How to complete this task:
From the first line of the data down to the line bearing "OSMANLI DÖNEMİ SÜLEYMANİYE", output every line exactly and include no pictures.

START Data for processing

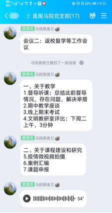 2020年5月15日馬克思主義學(xué)院在線上召開了展開關(guān)于教學(xué)、課程建設(shè)、學(xué)生活動(dòng)等工作會(huì)議。會(huì)議由馬克思主義學(xué)院熊美蘭院長(zhǎng)主持,馬院全體教師參加了會(huì)議。
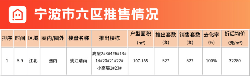 上周僅一個(gè)項(xiàng)目加推,為江北的姚江晴雨。項(xiàng)目位于姚江新城板塊,賣點(diǎn)主要以姚江新城地段及未來(lái)規(guī)劃,近軌交4號(hào)線(洪塘中路站),一線臨江,世外學(xué)校教育資源,內(nèi)部商業(yè)配套,價(jià)格倒掛優(yōu)勢(shì)為主,去化率100%。
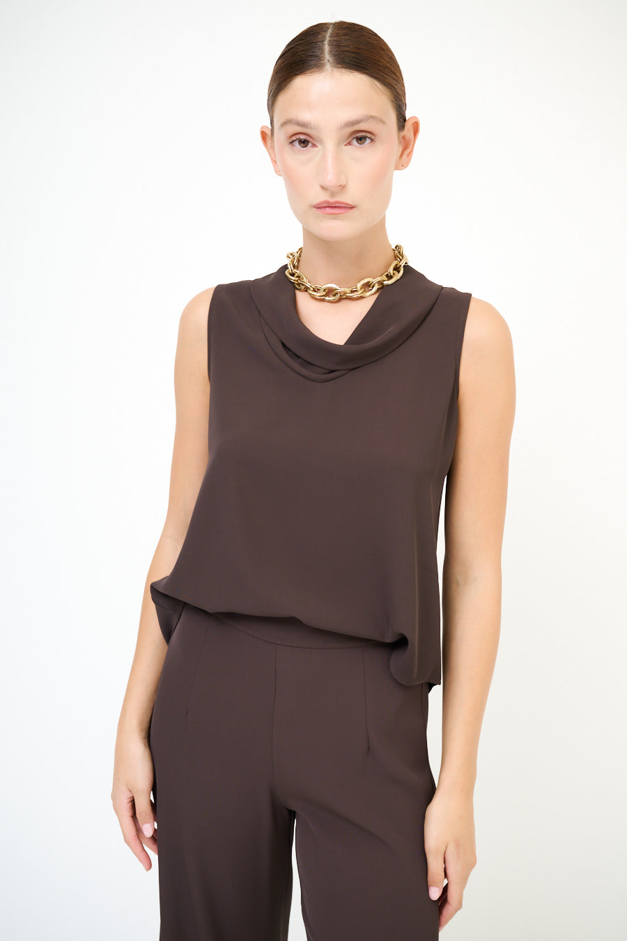 Drapinė iškirptė be rankovių.
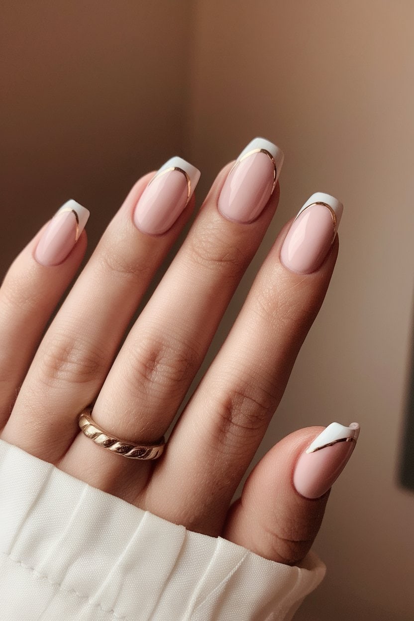 French tips with gold accents bring a chic twist to a classic look. The combination of a nude or soft pink base with metallic gold at the tips creates a sophisticated style.
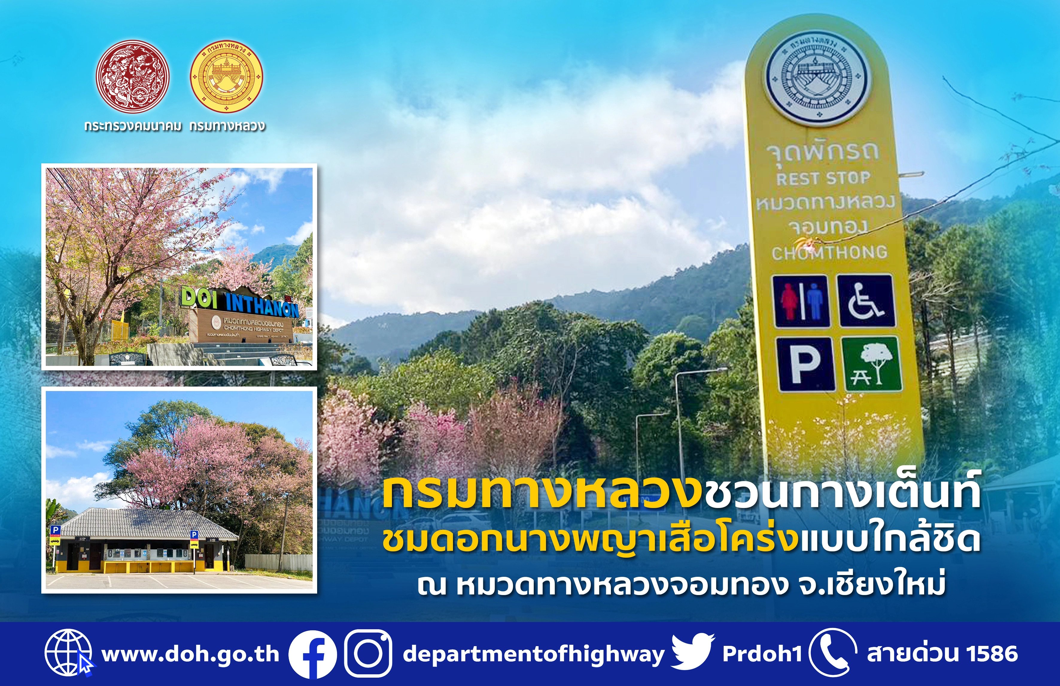 ทั้งนี้ กรมทางหลวงขอความร่วมมือประชาชนเดินทางอย่างปลอดภัยและใส่ใจสิ่งแวดล้อม โปรดใช้ความระมัดระวังในการใช้เส้นทาง ปฏิบัติตาม “ชีวิตวิถีใหม่ ขับขี่อย่างปลอดภัย ไร้อุบัติเหตุ” เพื่อความสะดวกปลอดภัยของผู้ร่วมทาง หากประชาชนต้องการจองพื้นที่กางเต็นท์หรือสอบถามสภาพเส้นทาง สภาพการจราจรหรือขอความช่วยเหลือต่าง ๆ สามารถติดต่อได้ที่หมวดทางหลวงจอมทอง โทร 053 286 733 หรือสายด่วนกรมทางหลวง 1586 (โทรฟรีทุกเครือข่ายตลอด 24 ชั่วโมง)
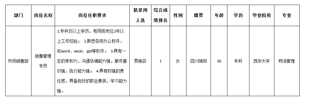 根據(jù)四川九洲光電科技股份有限公司發(fā)布的招聘公告及招聘相關(guān)規(guī)定,經(jīng)筆試、面試、考察、體檢等程序,擬錄用易艷容同志到四川九洲光電科技股份有限公司工作,現(xiàn)予以公示,具體情況如下:
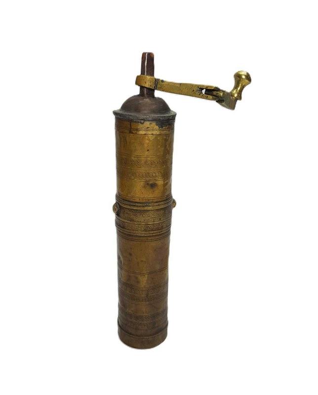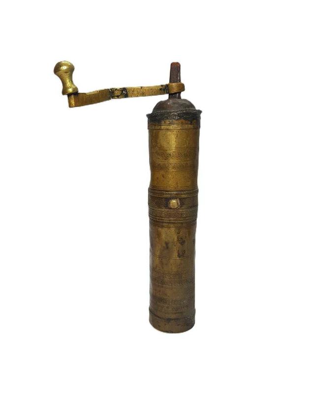 OSMANLI DÖNEMİ SÜLEYMANİYE İŞİ PİRİNÇ KAHVE DEĞİRMENİ. ÇALIŞIR DURUMDADIR. YÜKSEKLİK: 24,5 CM
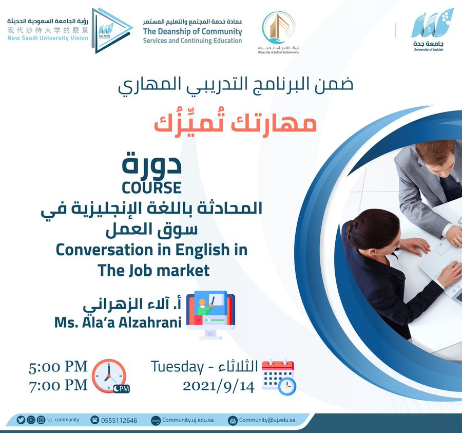 جامعة جدة تعلن عن تقديم دورة تدريبية مجانية (عن بعد) بعنوان (المحادثة باللغة الإنجليزية في سوق العمل) تستهدف كافة فئات المجتمع من الرجال والنساء، وذلك ضمن البرنامج التدريبي المهاري (مهاراتك تُميزك) لعام 2021م، والذي يهدف إلى تأهيل وتدريب الطلاب والخريجين والباحثين عن عمل وصقل مهاراتهم التي تؤهلهم للنجاح وبناء شراكات مستقبلية، وإعدادهم لسوق العمل - مع منح المتدربين شهادات معتمدة (برسوم رمزية)، وذلك وفقاً للتفاصيل التالية:
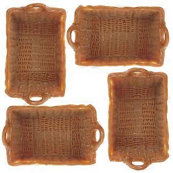 Durable Resin Mini Baskets for Storage 4 Pieces Light Brown Small Basket Models 1/12 Scale
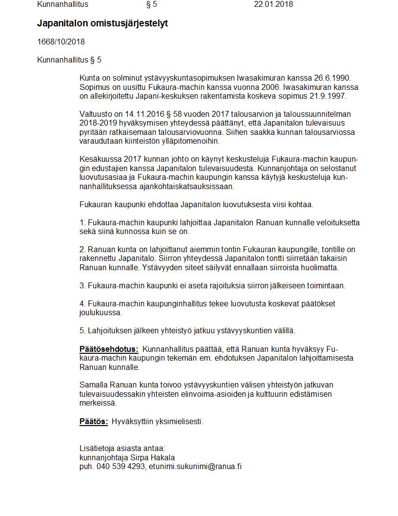 Pöytäkirja 22.01.2018 Pykälä 5
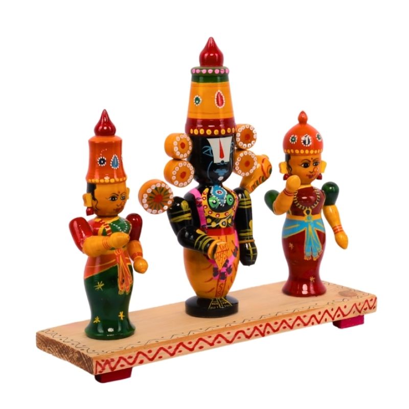 Kondapalli Wooden Lord Balaji with Padmavati and Lakshmi Devi Idol Set for Home Decor
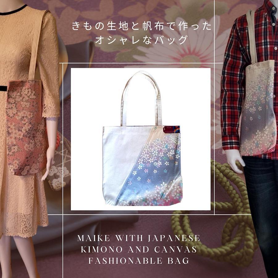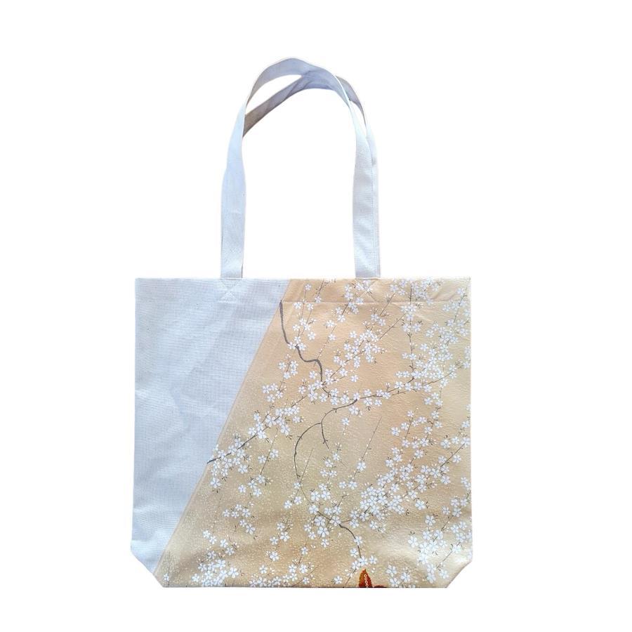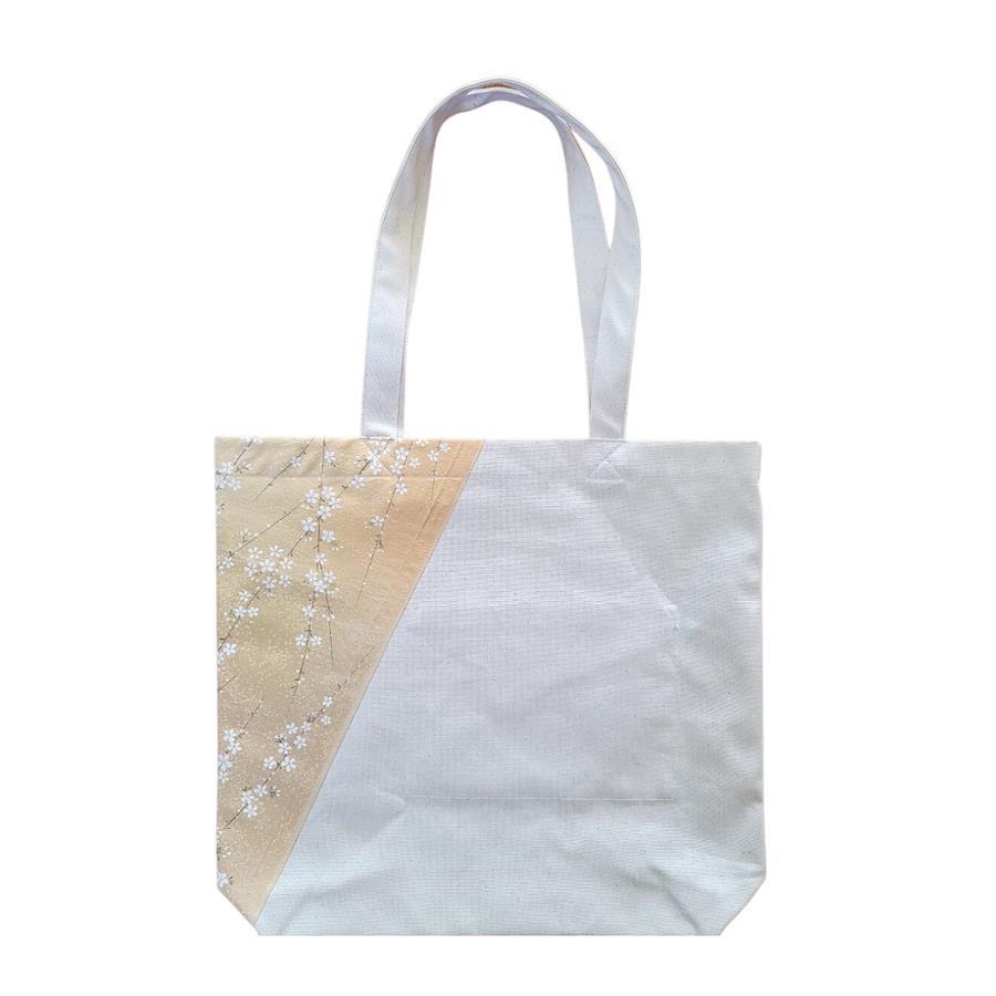 訪問着を使用したゴールド系のカラーをベースとした帆布バッグ。日本らしい梅のはな柄がとても美しい一品になります。 素材/材質 :シルク100%(正絹)と帆布生地を使用しております。サイズ/寸法:縦:40cm 横:40cm マチ:8cm 持ち手:55cm注 意 :モニター発色の具合により色合いが異なる場合がございます。■着物生地から作ったオリジナルバッグ。■着物生地から作ったオリジナルバッグエコバックにも利用できるトートバッグになります。■着物ならではの色合いと高級感あふれる美しい一品になります。
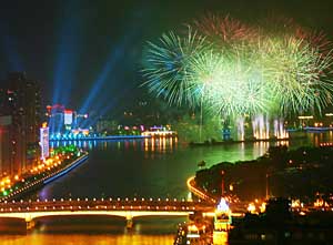 2007年春節(jié),廣州珠江白鵝潭江面舉行煙花會(huì)演。攝影/本報(bào)記者
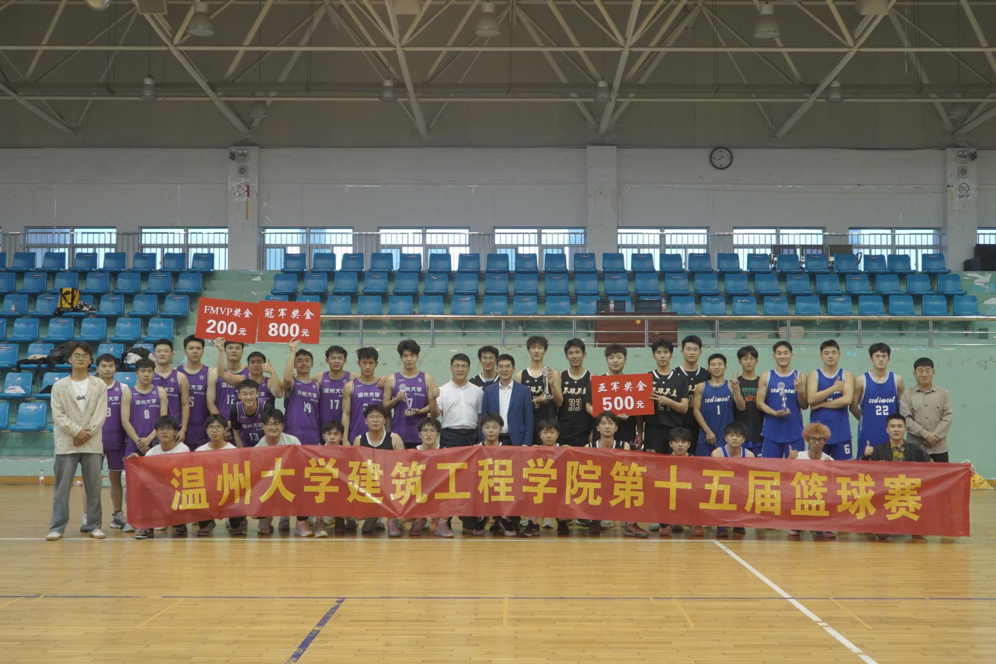 随着裁判的一声哨响,比赛正式结束!从紧张刺激的抢断到振奋人心的扣篮,从默契十足的传球到关键时刻的绝杀,队员们秉持着“友谊第一,比赛第二”的体育精神,在比赛场上齐心协力、挥汗如雨。经过激烈的角逐,22土木水利研究生班夺得冠军,21土木3-4班获得亚军,21土木1班获得季军,吴亮宇荣获总决赛中“最有价值的球员”称号。

END Data for processing

Output of the task:
 2020年5月15日馬克思主義學(xué)院在線上召開了展開關(guān)于教學(xué)、課程建設(shè)、學(xué)生活動(dòng)等工作會(huì)議。會(huì)議由馬克思主義學(xué)院熊美蘭院長(zhǎng)主持,馬院全體教師參加了會(huì)議。
 上周僅一個(gè)項(xiàng)目加推,為江北的姚江晴雨。項(xiàng)目位于姚江新城板塊,賣點(diǎn)主要以姚江新城地段及未來(lái)規(guī)劃,近軌交4號(hào)線(洪塘中路站),一線臨江,世外學(xué)校教育資源,內(nèi)部商業(yè)配套,價(jià)格倒掛優(yōu)勢(shì)為主,去化率100%。
 Drapinė iškirptė be rankovių.
 French tips with gold accents bring a chic twist to a classic look. The combination of a nude or soft pink base with metallic gold at the tips creates a sophisticated style.
 ทั้งนี้ กรมทางหลวงขอความร่วมมือประชาชนเดินทางอย่างปลอดภัยและใส่ใจสิ่งแวดล้อม โปรดใช้ความระมัดระวังในการใช้เส้นทาง ปฏิบัติตาม “ชีวิตวิถีใหม่ ขับขี่อย่างปลอดภัย ไร้อุบัติเหตุ” เพื่อความสะดวกปลอดภัยของผู้ร่วมทาง หากประชาชนต้องการจองพื้นที่กางเต็นท์หรือสอบถามสภาพเส้นทาง สภาพการจราจรหรือขอความช่วยเหลือต่าง ๆ สามารถติดต่อได้ที่หมวดทางหลวงจอมทอง โทร 053 286 733 หรือสายด่วนกรมทางหลวง 1586 (โทรฟรีทุกเครือข่ายตลอด 24 ชั่วโมง)
 根據(jù)四川九洲光電科技股份有限公司發(fā)布的招聘公告及招聘相關(guān)規(guī)定,經(jīng)筆試、面試、考察、體檢等程序,擬錄用易艷容同志到四川九洲光電科技股份有限公司工作,現(xiàn)予以公示,具體情況如下:
 OSMANLI DÖNEMİ SÜLEYMANİYE İŞİ PİRİNÇ KAHVE DEĞİRMENİ. ÇALIŞIR DURUMDADIR. YÜKSEKLİK: 24,5 CM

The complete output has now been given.